%%
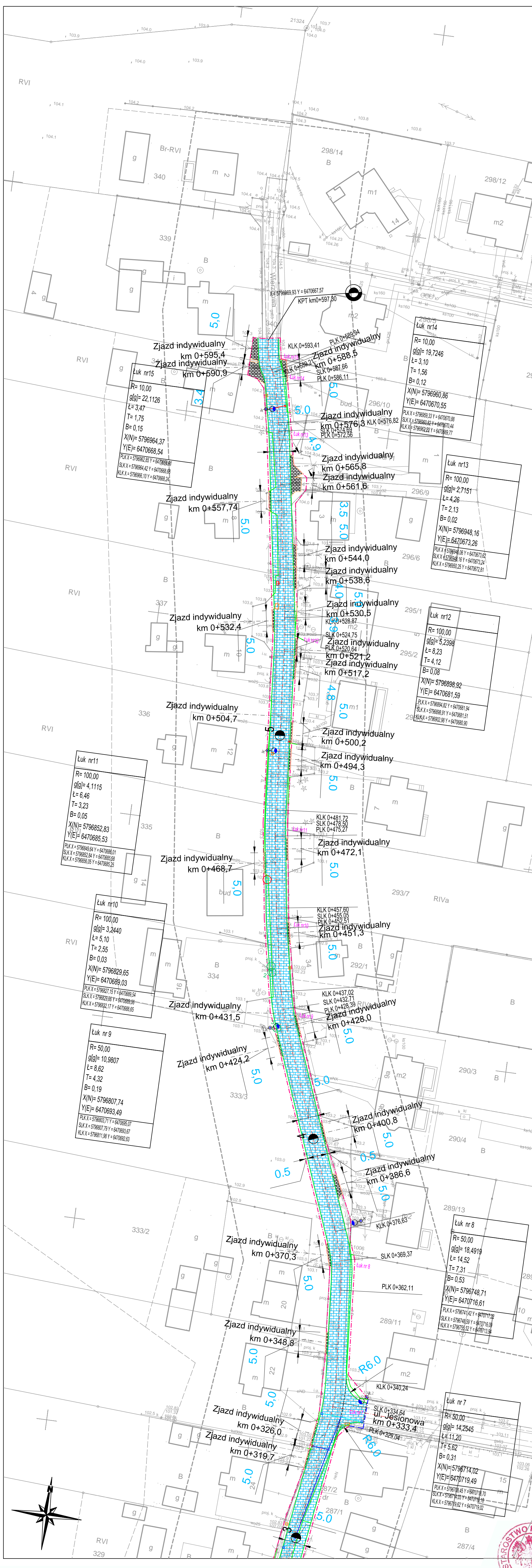
Mapa do celów projektowych Skala 1:500 NGK.6640.1250.2017
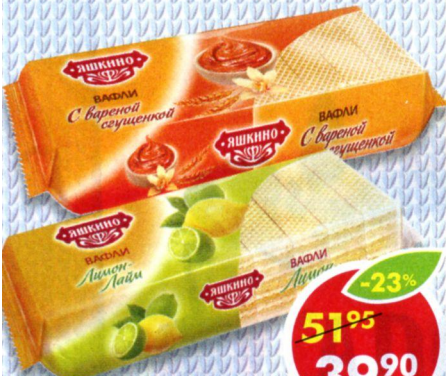
ВАФЛИ ЯШКИНО, вареная сгущенка; лимон-лайм, 300 г
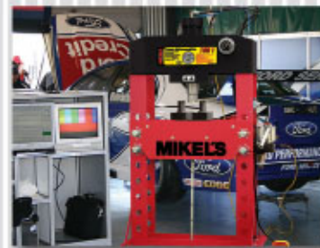
DISEÑADA ESPECIALMENTE PARA TRABAJOS PROFESIONALES
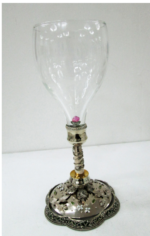
Vasili Șochin, Cupă decorativă Toamna de aur , 2014, colecție privată, foto L.C.
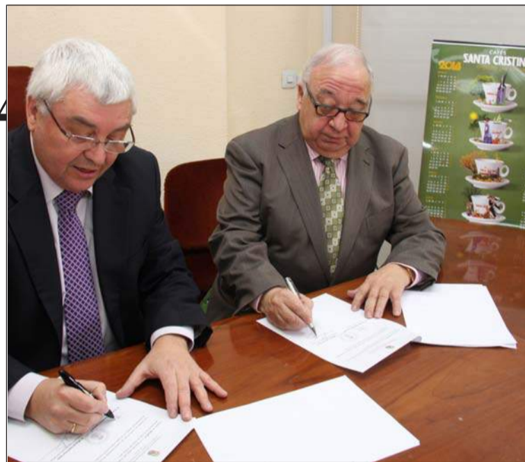
Instante de la firma del convenio.
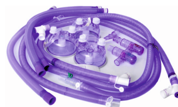
Układy pacjenta (wszystkie typy)
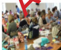
Journée de l'Amitié Le 20 de 9h30 à 16h30
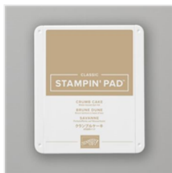
Crumb Cake Classic Stampin' Pad - 147116 Price: $11.00
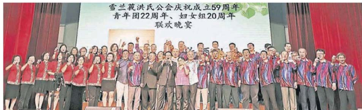
雪蘭莪洪氏公會慶祝成立59周年 青年團22周年、婦女組20周年 聯歡晚宴

他說，雖然在2014年他接任會長職時，公會發生內部人事糾紛，破壞公會名譽，但理事們秉持先賢創會宗旨，敦睦宗誼，家和萬事興的精神，經過調解，終於圓滿解決，大家團結一致，繼續把會務推向高峰。
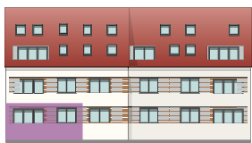
Süd-West Ansicht | Hauptstraße 64
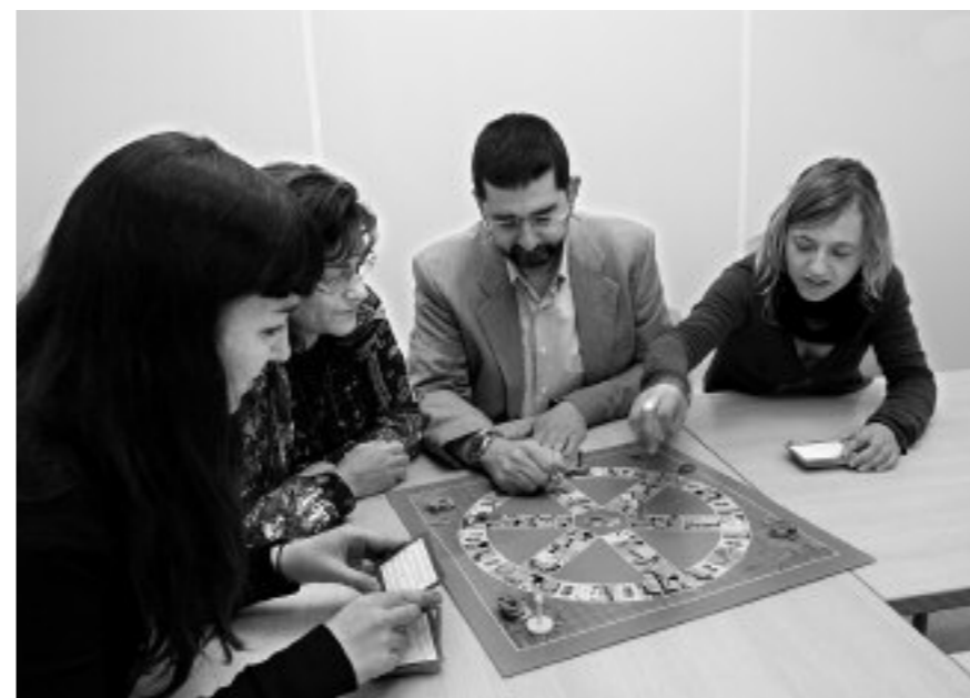
Mankomunitateko kideak Tribial Feministagaz

"Jokoaren bidez emakumeak kalera atera gura genituen"
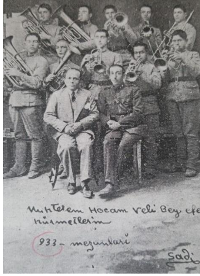
Şekil 5. 1933 Ankara İhvari Küçük Zabitler Mektebi mezunları
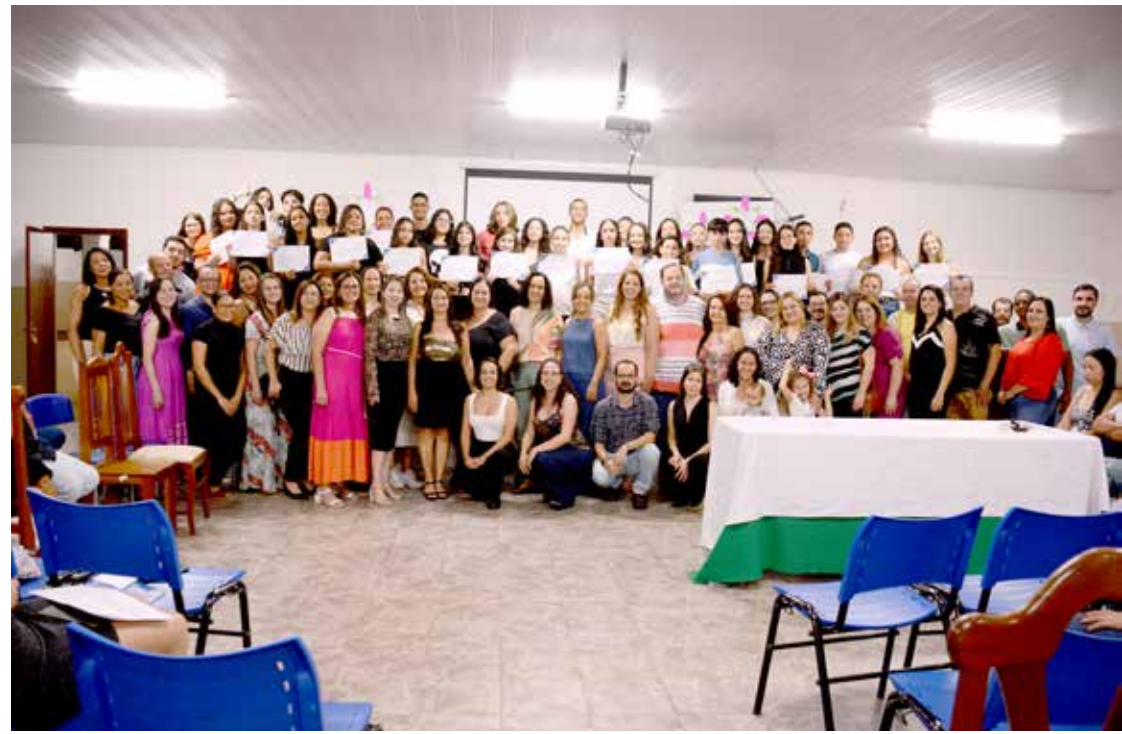
Alunos que se destacaram em 2023, juntamente com os professores e direção da escola

Na sequência da solenidade, deu-se início à entrega dos certificados de Melhores de 2023. Além do critério de melhores notas, a Escola entende que os bons alunos devem, além de ter boas notas e bom comportamento, ser responsáveis, proativos, lideranças positivas e pessoas gentis. Assim, foram chamados para receberem suas homenagens 37 alunos e alunas de todos os turnos e níveis de ensino que se destacaram neste ano. Para
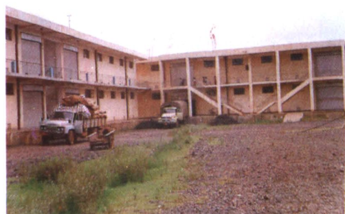
宣威县糖烟酒公司仓库之一
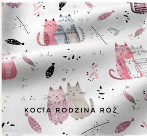
KOCIA RODZINA RÓŻ.
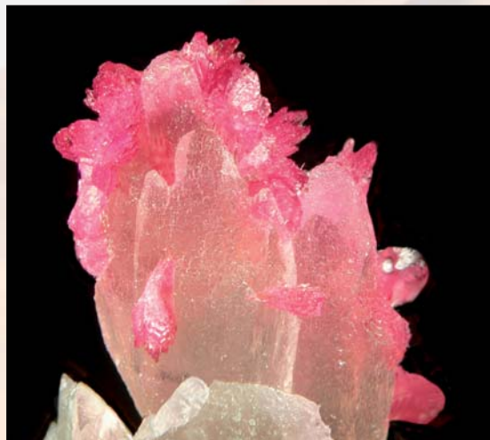
Roselitt, Bou Azzer. Bildebredde: 8 mm. Samling: Georges Favreau. Foto: Heinz-Dieter Müller.

Det får bli på neste tur, for allerede på dette tidspunkt var mange av oss enige om å vende tilbake til Marokko ved første anledning!
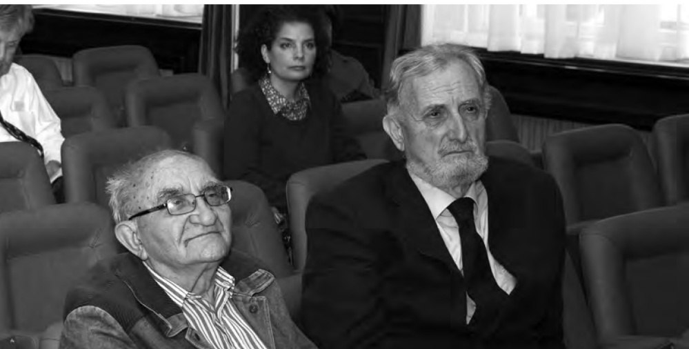
Свечана сала Матице српске, 30. јун 2019.
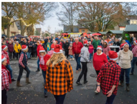
Tanzvorführung vor der Bühne.

Einmachglas hervor und ein Teelicht. Beides wird akkurat auf der Wiese neben der Kirche platziert. Kurz darauf brennen die Kerzen mit anderen in trauter Eintracht. Zwei Frauen beobachten das von der Bank aus haargenau. „Was machen die hier nur alle – und was soll das sein?“, fragen sie sich und betrachten stirnrunzelnd das Licht-Gebilde auf der Wiese. „Das ist doch das Peace-Symbol für den Frieden“, sagt jemand, der das Gespräch mitbekommt.
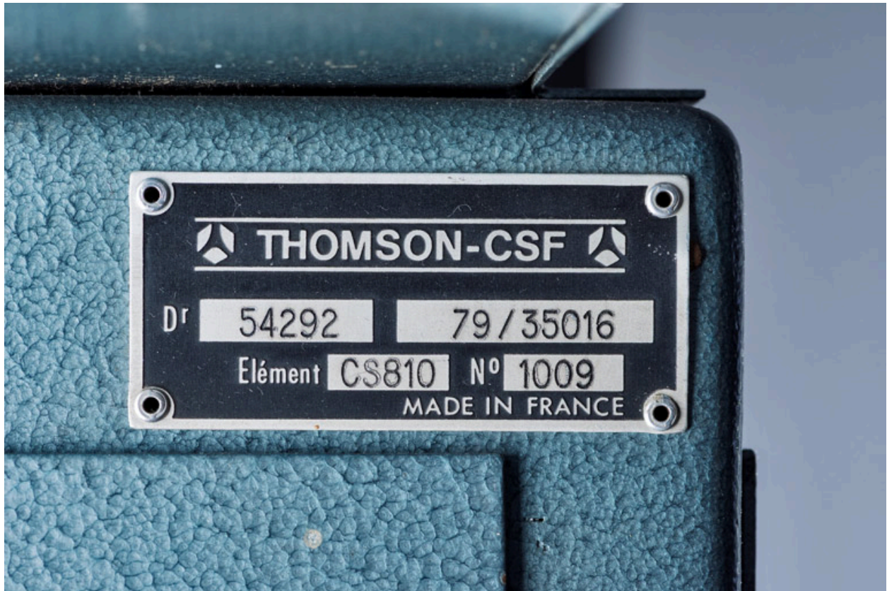
Plaque rivée à l'arrière du meuble (en haut à droite).
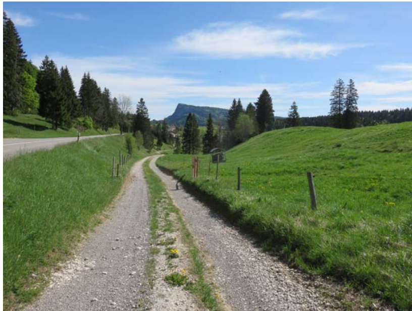
Au Passioux sous les Essertex, c'est par ici. Sus-jacente, la route cantonale actuelle.

Les Essertets, ici plutôt selon le folio 35 vu plus haut, furent l'endroit où l'on procéda à la fonte des cloches des trois villages en 1780 : Le Lieu, Les Charbonnières et le Séchey. Cet épisode a été narré avec beaucoup de précision par le même auteur que dessus. Nous reproduisons en annexe cette étude.
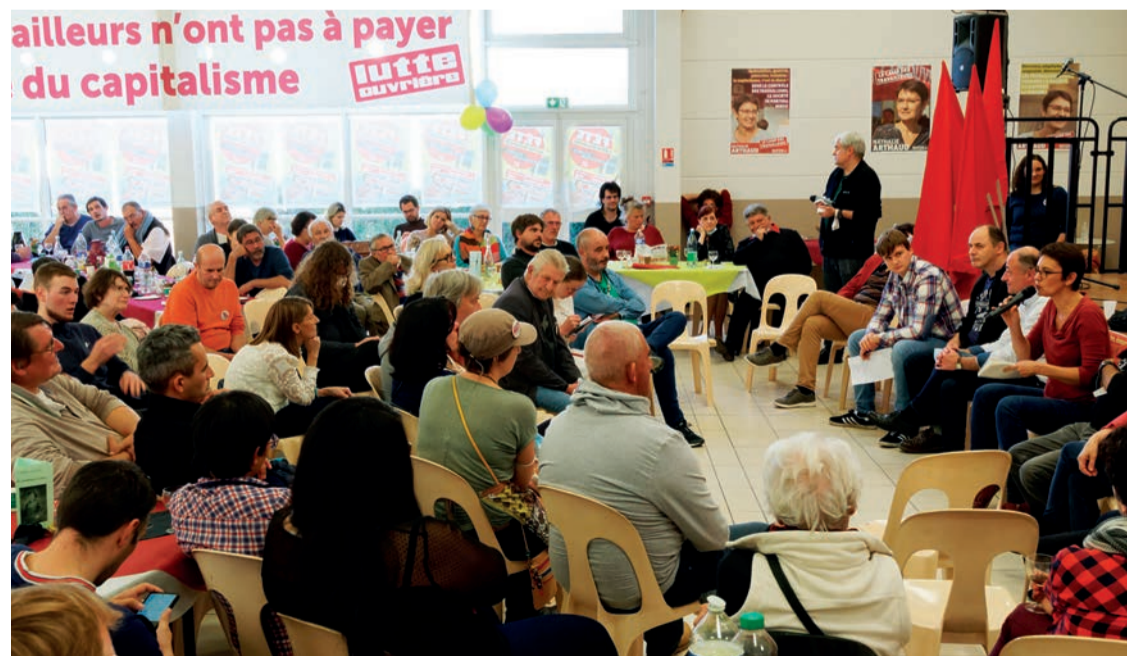
Nathalie Arthaud à la fête de Reims, le 24 octobre.
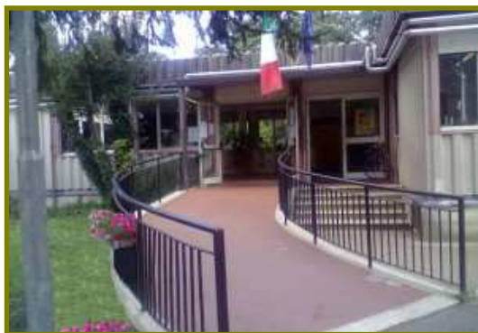
Sede scuola secondaria I° grado “Nocetta”

Date, Orari e Modalità dei nostri Open Day Sabato 15 dicembre 2018 dalle 10:00 alle 12:00, incontro con i docenti responsabili dell'accoglienza nuovi alunni. Mercoledì 9 gennaio 2019: incontro informativo del Dirigente Scolastico con i genitori dalle 17:30 alle 19:00. Sabato 12 gennaio 2019 dalle 10:00 alle 12:00, incontro con i docenti responsabili dell'accoglienza nuovi alunni.
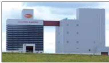
Le nouveau moulin de la Minoterie Planchot a été inauguré à la rentrée

Créée en 1912, la société Planchot, qui s'appelait autrefois Planchot-Fillon, a connu une progression et une réussite constantes, symbolisées
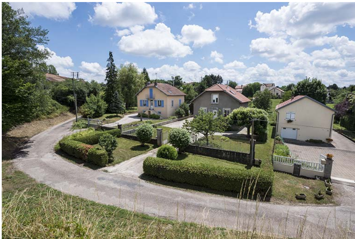
Pavillons construits en contre-bas de la gare. 70, Port-sur-Saône
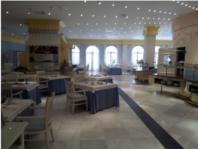
Salón comedor "Restaurante Yaiza"
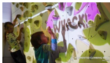
ワックアバッド < Whack-A-Bat > 「ボルダリング」×「モグラ叩き」
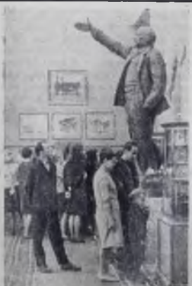
На снимках: справа — Центральный музей В. И. Ленина. Слева — в одном из залов музея.

Экспозиция музея все время пополняется новыми материалами, связанными с жизнью и деятельностью В. И. Ленина. За 30 лет в музее побывало около 27 миллионов человек. Только в 1965 году в музее побывало свыше 1.500 тысяч посетителей. Из них около 25 тысяч иностранных гостей и туристов.
%%
TRY IT => Look over the entries above. Copy every line that contains the word "destacaram".

EXPECTED OUTPUT =>
Alunos que se destacaram em 2023, juntamente com os professores e direção da escola
Na sequência da solenidade, deu-se início à entrega dos certificados de Melhores de 2023. Além do critério de melhores notas, a Escola entende que os bons alunos devem, além de ter boas notas e bom comportamento, ser responsáveis, proativos, lideranças positivas e pessoas gentis. Assim, foram chamados para receberem suas homenagens 37 alunos e alunas de todos os turnos e níveis de ensino que se destacaram neste ano. Para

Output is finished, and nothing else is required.